70 lines of Java code to realize deep neural network algorithm sharing

For the popular in-depth learning, it is necessary to maintain the learning spirit - programmers, especially architects, should always pay attention to and be sensitive to the core technologies and key algorithms. When necessary, they should write and master them without worrying about when to use them - whether to use them or not is a political issue, and whether they will write them is a technical issue, just like soldiers do not care about whether to fight or not, We should be concerned about how to win.

How programmers learn machine learning

For programmers, There is a certain threshold for machine learning (this threshold is also its core competitiveness).
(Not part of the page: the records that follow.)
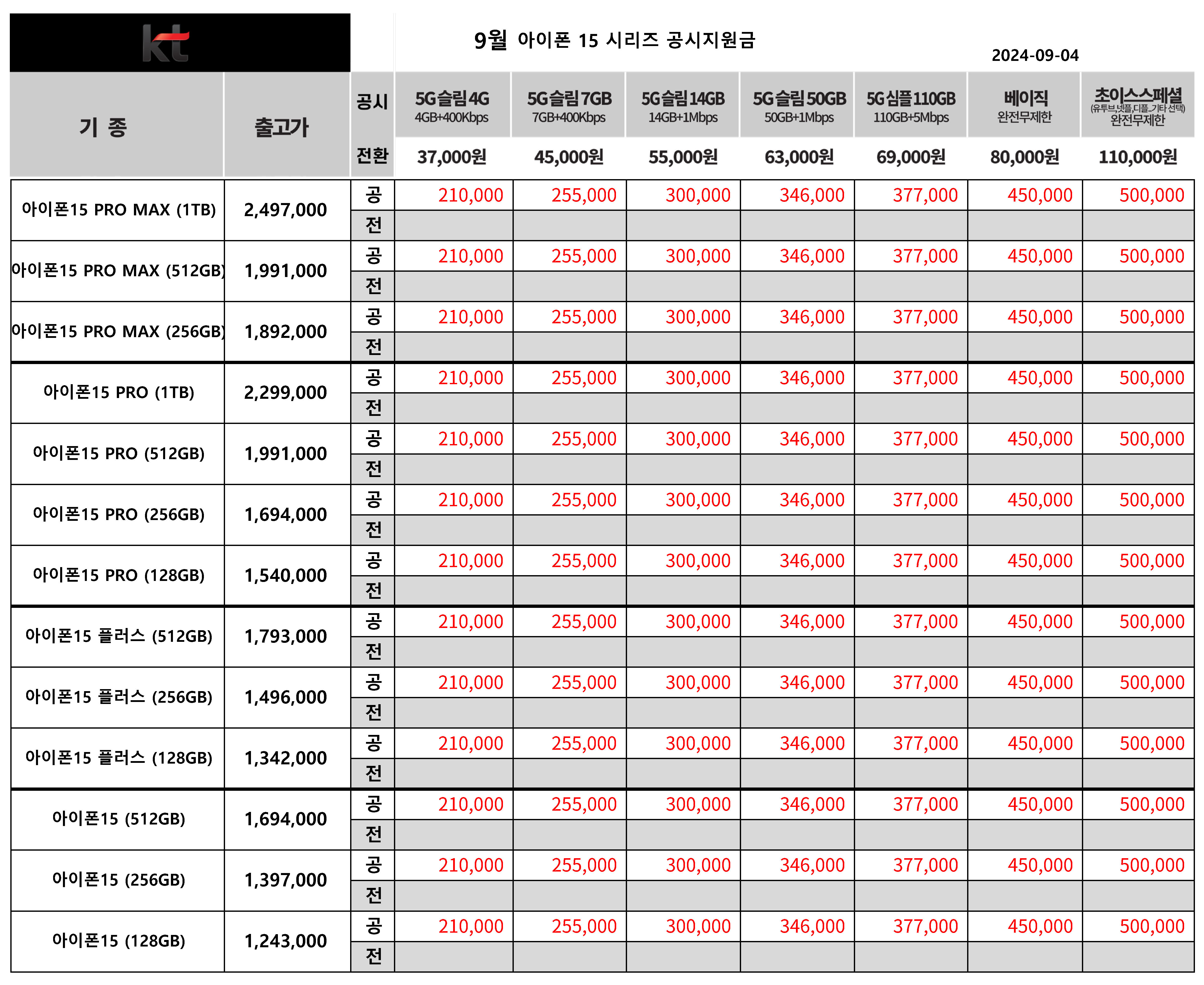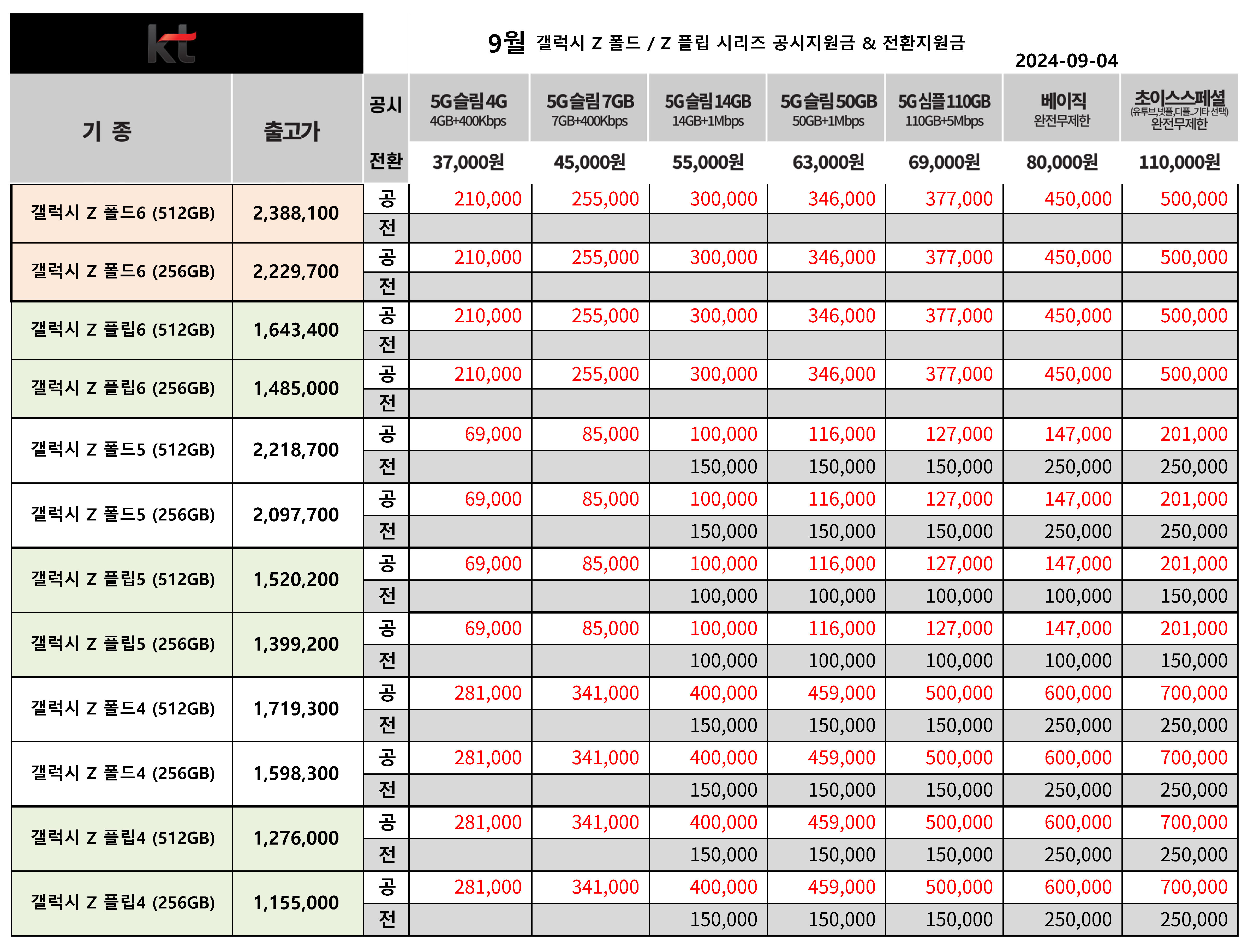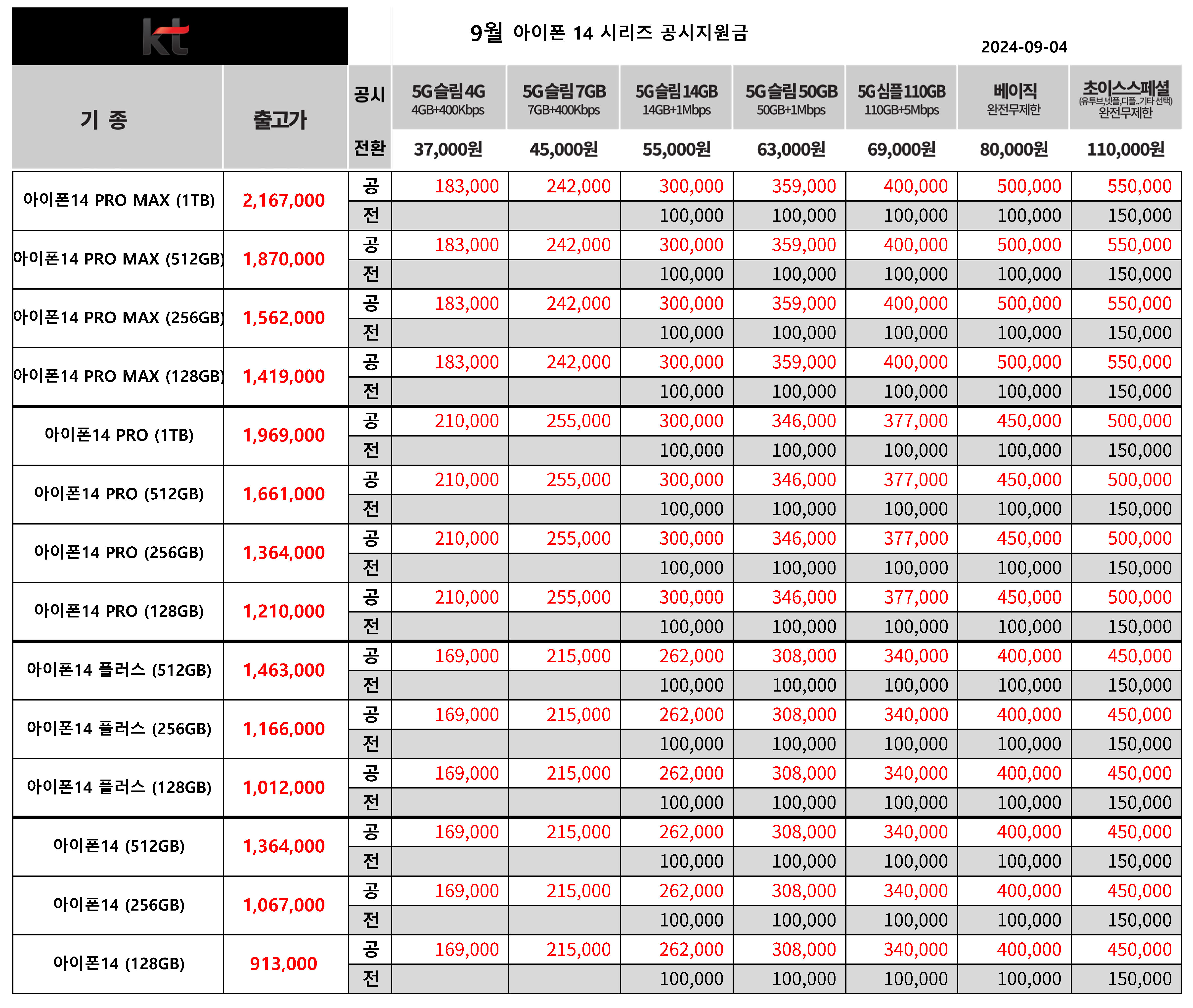 9월 KT 주요 휴대폰 공시지원금 & 전환지원금
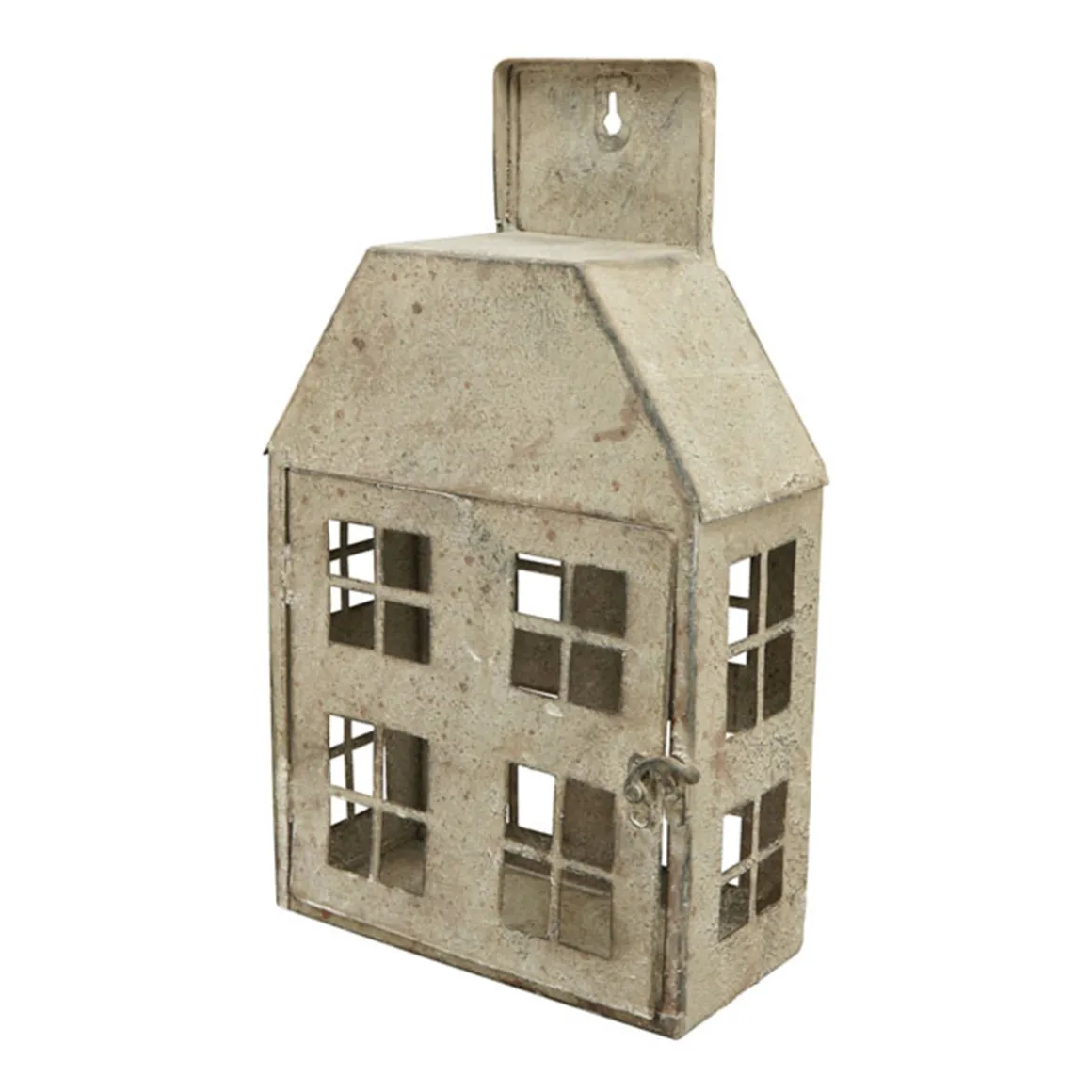 Windlicht Haus Shabby Chic grau, 20x35cm, Metallhaus im Hollandstil, zum Hängen oder Stellen
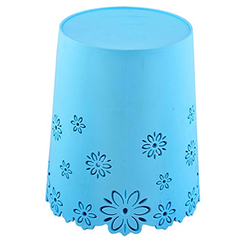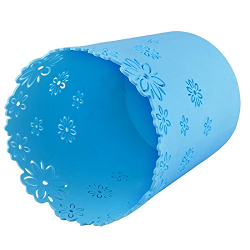 uxcell Plastic Flower Pattern Home Hollow Out Waste Paper Trash Garbage Can Sky Blue
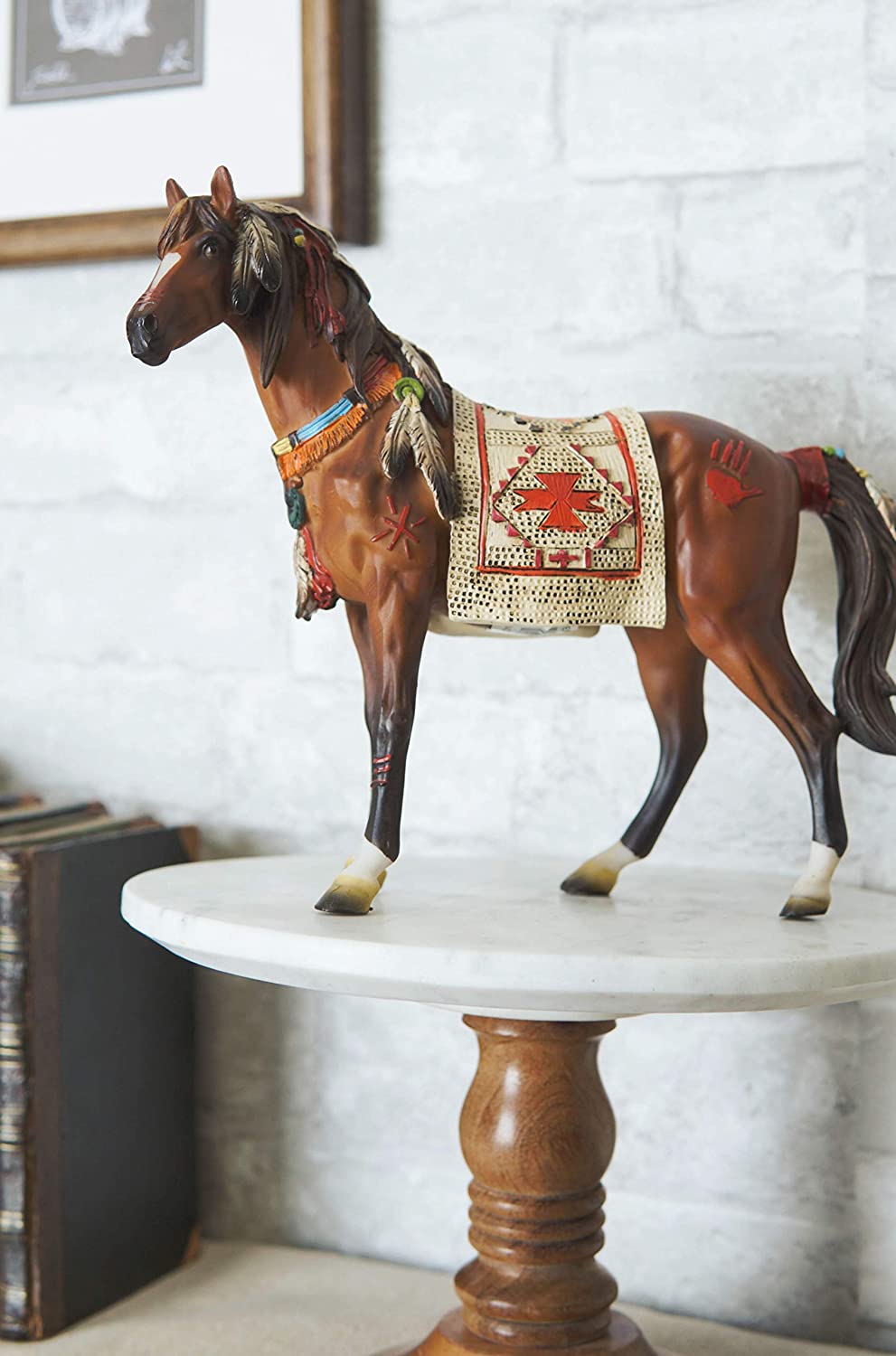 • This sculpture showcases the thoroughbred pride of the native navajo equestrian family. Beautifully sculpted and painted, this figurine accentuates the spiritual medicine horse. A brown horse is painted with the red palm and vector symbols, embellished with feathers, tapestry saddle and many more accessories.
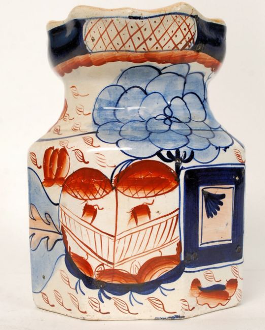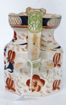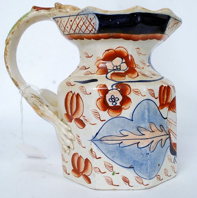 A 19th century Ironstone Imari pattern jug having dragon embellished handle with handpainted Imari worked design. 16cm H
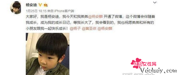 今年1月25日,黄圣依分别为两个儿子都开通了实名认证的微博,她在大儿子的微博上这样写道:大家好,我是杨安迪,我今天和我弟弟杨安麟开通了微博,这个微博会伴随着我成长,成为我的成长日记,等我长大了,我会看到的,我也祝愿弟弟和所有的小朋友跟我一起快乐成长!
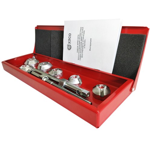 Набор состоит из режущего инструмента – фрез (шарошек), с различными диаметрами и углами, а также направляющего стержня (пилота). Набор фрез позволяет обрабатывать фаски седел клапанов, двигателей автомобилей семейства «ГАЗ-53», обеспечивая следующие углы, рекомендованные заводом изготовителем: A 45º, B 30º, C 30º.
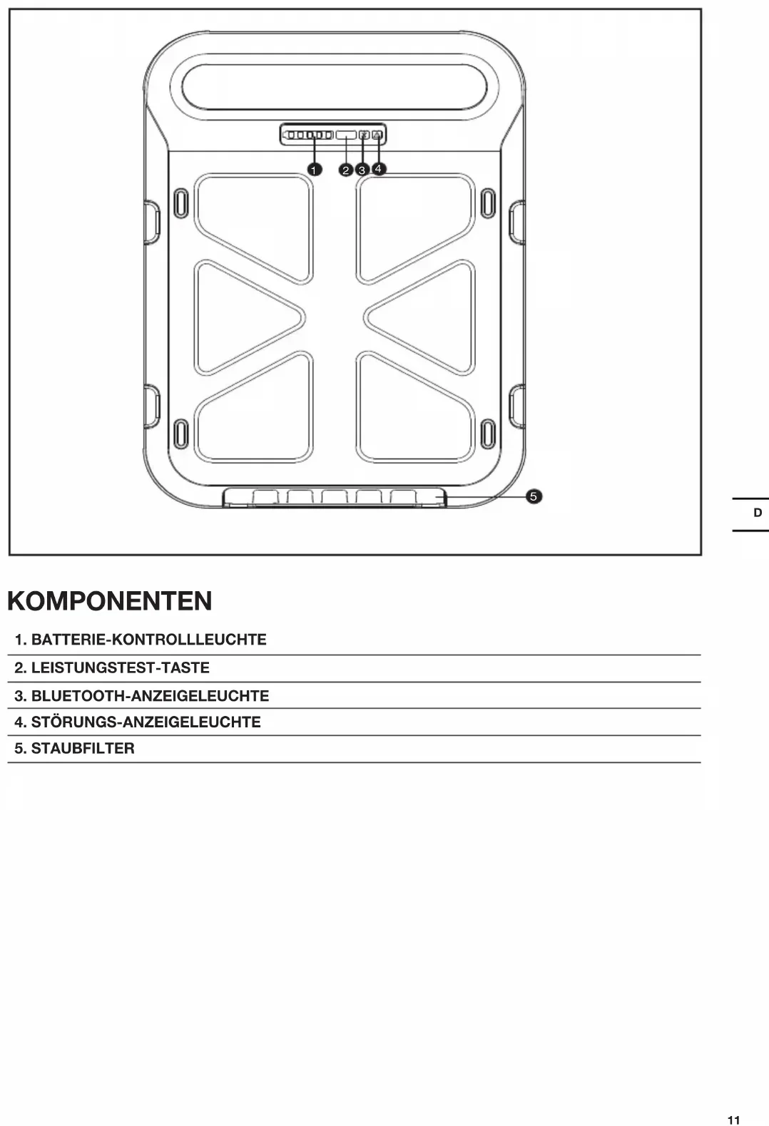 er nicht in das Ladegerät eingesetzt wird oder längere Zeit in einem nicht angeschlossenen Ladegerät verbleibt. Möglicherweise muss er vor der Verwendung wieder aufgeladen werden. Das CyberPack kann mit einem Rucksack verwendet werden; Einzelheiten hierzu nden Sie in der Anleitung für den Rucksack. Wenn während des Auadens des Akkupacks im Ladegerät oder der Verwendung im Gerät eine Überentladung, eine Überladung, eine Übertemperatur oder eine zu niedrige Temperatur festgestellt wird, erscheint eine Fehlermeldung, und das Ladegerät bzw. das Gerät schaltet den Ladevorgang ab. Der Li-Ionen-Akku kann jederzeit aufgeladen werden, ohne seine Lebensdauer zu verkürzen. Die Unterbrechung eines Ladevorgangs wird den Akku nicht beschädigen. Der Ladezustand des Akkus kann an der Akku- Anzeigeleuchte durch Drücken der Leistungstest- Taste abgelesen werden. Drücken Sie vor dem Start oder nach dem Gebrauch die Leistungstest-Taste am Akkupack, um die Akkukapazität zu prüfen. Bemerkungen LED- Leuchte Zustand des Akkus Es leuchten fünf grüne Lämpchen auf. 80% ≤ Leistungspegel ≤ 100% Es leuchten vier grüne Lämpchen auf. 60% ≤ Leistungspegel < 80% Es leuchten drei grüne Lämpchen auf. 40% ≤ Leistungspegel < 60% Es leuchten zwei grüne Lämpchen auf. 20% ≤ Leistungspegel < 40% Es leuchtet ein grünes Lämpchen auf. 10% ≤ Leistungspegel < 20% Ein grünes Licht blinkt. 0% ≤ Leistungspegel < 10% Sie können den jeweiligen Status des Akkus anhand des Status der Bluetooth-Anzeigeleuchte und der Störungs-Anzeigeleuchte erkennen. Bemerkungen Zustand des Akkus Die Bluetooth- Anzeigeleuchte leuchtet. Bluetooth ist verbunden. Die Bluetooth- Anzeigeleuchte leuchtet nicht. Bluetooth ist nicht verbunden. Die Störungs- Anzeigeleuchte leuchtet. Akku defekt, Laden und Entladen verboten. Die Störungs- Anzeigeleuchte leuchtet nicht. Dies ist normal. Wenn der Akkupack defekt ist, leuchtet die Störungs-Anzeigeleuchte auf, und Sie können die spezische Störungsursache und -lösung über die APP ansehen.D
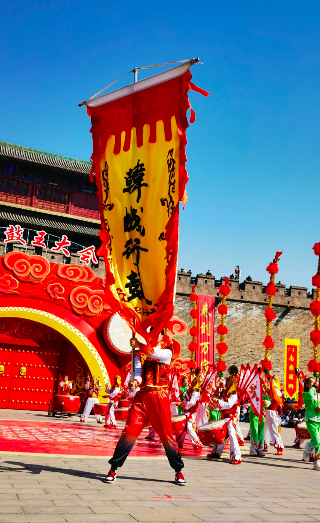 由我馆组织、陕西省韩城市龙门钢铁责任有限公司行鼓队表演的《韩城行鼓》,以其恢弘气势、粗犷豪放、酣畅淋漓的展示,赢得当地群众及古城游客的阵阵喝彩和高度评价。巡演中,队伍屡次被当地群众及外地游客围住,强烈要求表演展示,“韩城行鼓太帅了!”“这个鼓点听着好激昂,太喜欢了!”……围观群众的频频赞美声,不仅是对韩城行鼓的认可,更表达了新时代中国人民对美好生活的热切向往。
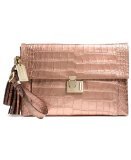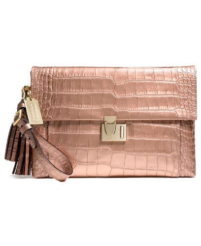 -. Feature : Done in luxurious croc embossed leather in a stunning golden color that COACH calls Rose Gold with Rose Gold hardware / Pushlock flap closure opens to reveal an interior that's fully lined in plum colored fabric with 2 individual compartments and 1 zip pocket / Adorned with a detachable wrist strap, 2 leather tassels and 1 large COACH hang tag / Approximate measurements: 11 1/2" (L) x 8 1/4" (H)
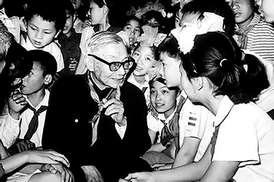 茅以升和孩子们在一起。
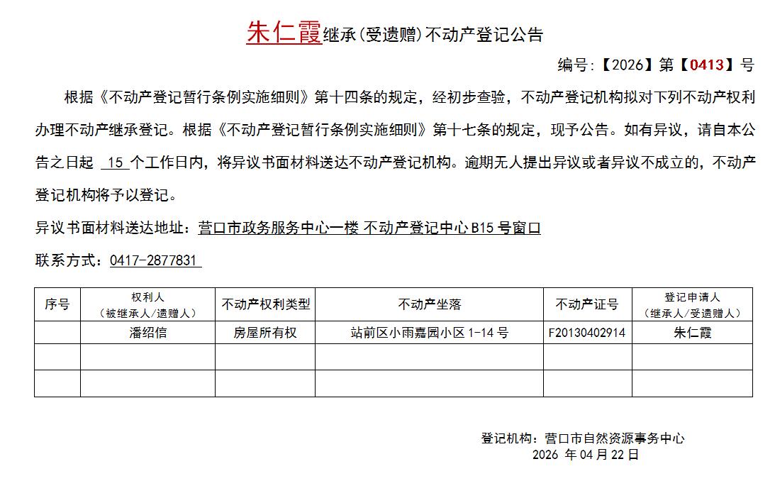 朱仁霞继承(受遗赠)不动产登记公告-公示公告-营口市不动产登记中心
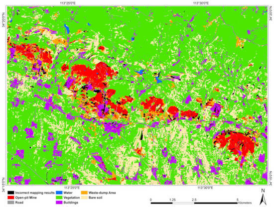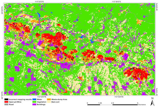 Figure 12 and Figure 13 shows the incorrect mapping results of CNNOMM and SVMOMM, respectively. The incorrect mapping results shown in Figure 12 and Figure 13 are consistent with that shown in Table 6, as most of the wrongly mapped LUCs are around the mining area. Figure 14 shows the results of the incorrect identification of CNNOMM and SVMOMM together. The yellow color represents the LUC, which is incorrectly mapped by both CNNOMM and SVMOMM. Most of them were WAT or OM LUC category, which indicates that these two LUC categories are easily misclassified between each other; the main reason is discussed in Section 4.1.

I believe that many people will have a headache for English papers full of mathematical formulas when learning machine learning, and may even retreat from difficulties. However, in fact, it is not difficult to write the landing program of machine learning algorithm. The following is the reverse multilayer implementation of 70 lines of code (BP) neural network algorithm, that is, deep learning. In fact, it is not only neural network, but also most machine learning algorithms such as logical regression, decision tree C45 / ID3, random forest, Bayesian, collaborative filtering, graph calculation, kmeans, PageRank, etc. can be implemented in 100 lines of stand-alone program (to be shared later).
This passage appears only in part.